When I began, it was because I had tied another of my waist beads in December 2019, and riding the euphoria I felt, snapped a body pic (waist beads and all) and sent it on to a few friends… well, almost all of them.
While my circle is made-up of self-lovers and let-livers of others, they did not all know of waist beads, but all were intrigued. So! I opened an account, and posted by euphoria-driven-body pic…

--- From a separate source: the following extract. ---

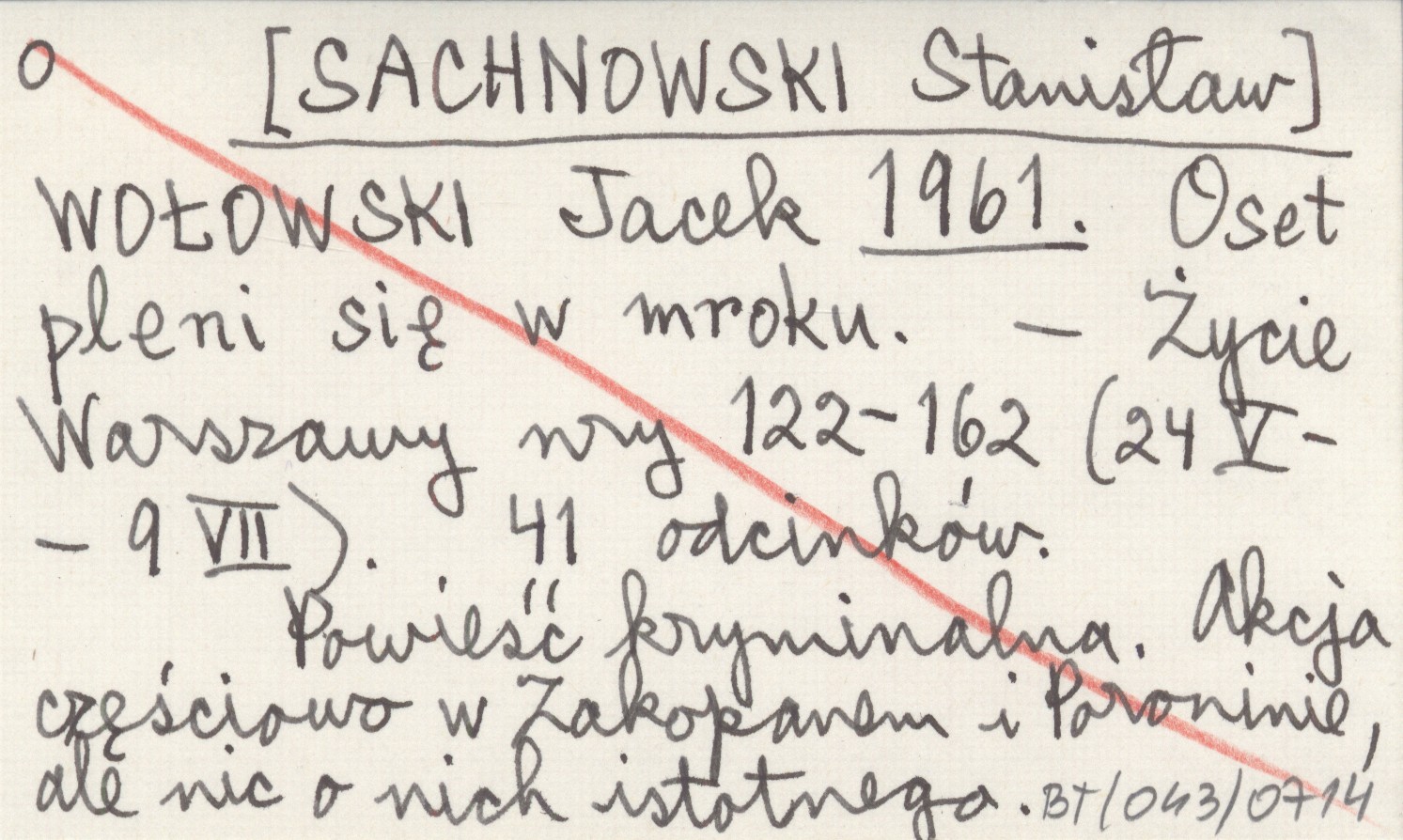 WOŁOWSKI Jacek [SACHNOWSKI Stanisław] 1961 Oset pleni się w mroku.

I didn’t begin for the sake of business. I began for the sake of sharing my euphoria, so it can be yours too. What’s more, I was afraid. I didn’t tell my circle, besides my sister, that I’d ventured into these waters too. I was afraid they’d berate me for driving too hard, for doing too much. I also manage my day-job, you see, at… Deeyor Fiss
Would you believe, 😂, I was berated anyway when confronted? Sheepishly, I sat like a caught toddler during the onslaught of love and concern for my well being. At the end of it, I was encouraged, commended, guided, critiqued and am consistently supported. It matters when you circle genuinely loves you enough to say “YOU’RE ON FOLLY!”.
This is how I came to have a story. My sentinels didn’t say “NO!! That’s not right!!”. They said “Here, check this article on how to do better”, and “did you see this page!? I think it can help you!!”.
I didn’t have a clue what my brand would be, what it would look like. I hadn’t a clue, how I would find enough letters to share my core beliefs, which others seemed to have no trouble writing out before I had a chance to. I sat back and watched so many awesome women portray the best bits of me, the pieces that resonated with my entire make-up, and I decided, the first thing I needed to do, was find a name that meant a lot to me.
I thought, if I found a name that meant the love of art to me, I can find my brand, and I can find the words to write to share my story too.